There is no "year of the linux desktop" because Linux and Windows should be
looked to to fulfill different roles.

To me, windows isn't a "real" operating system. I don't use _windows_ for
anything other than running putty or chrome. It isn't really doing anything.

Linux, on the other hand, is at the absolute core of the business that employs
me. ALL of our servers (except one domain controller) run either Linux of
OpenBSD.

If I had my way, all of the workstations would be running it as well. This is
an okay solution for me, because all of my workstations have identical (or
very similar) hardware. An install would be as simple as imaging a disk,
running a few scripts to configure things like networking, and powering it on.

Naturally, I can't speak for everyone, but I _do_ have a considerably larger
amount of experience with linux as a desktop than most. I also have a lot of
experience with support. Supporting linux on a hodge-podge of hardware is
definitely not something I would want to undertake.

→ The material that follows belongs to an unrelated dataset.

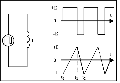 La tension qui alimente la bobine est une onde alternative rectangulaire de forme asymétrique. En t0, la polarité de la tension source vient de s’inverser ; le courant est maximal et négatif. À cause de l’inductance, l’intensité du courant diminue linéairement, passe par zéro, puis croît dans le sens positif. En t1, le générateur inverse ses polarités et applique une forte tension négative à l’inductance. Le courant se met alors à diminuer, passe par zéro puis croît dans le sens négatif. Entre t1 et t2, la pente est plus forte qu’entre t0 et t1 car la tension négative est plus forte que la tension positive. Le courant qui traverse l’inductance a donc la forme d’une dent de scie ; c’est précisément ce genre de courant qui doit alimenter les bobines verticale et horizontale du déflecteur d’un téléviseur.
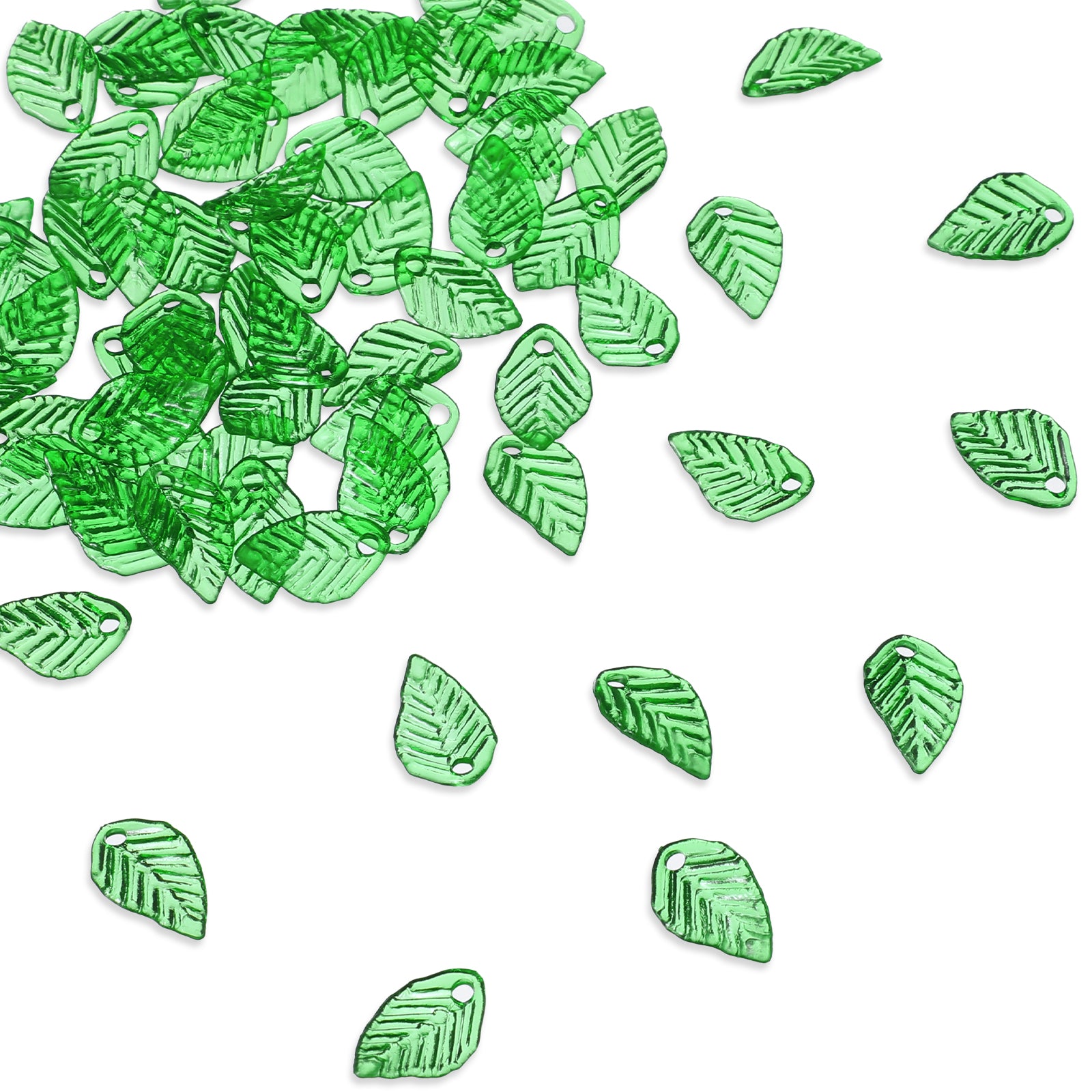 100 Pcs Green Leaf Beads for Jewelry Making Transparent Acrylic Plant Tree Leaf Charms Plastic Leaves Pendants with Hole Fit Earring Bracelet Necklace Making DIY Craft Beading Decorate Women Gifts

Guiding my mom through Ubuntu would also not be something I would want to do.

I think a lot of Linux nerds (members of the church mentioned in the article),
have a bit of a cognitive bias when it comes to how easy linux is to use. They
_WANT_ it to be easy. They overlook the bits of tinkering they have to do to
actually get it working correctly.

Like I said, this is all my own experience. YMMV. However, if you are having
as easy a time installing and running linux as a desktop OS as you do with
windows...please tell me what hardware you're using!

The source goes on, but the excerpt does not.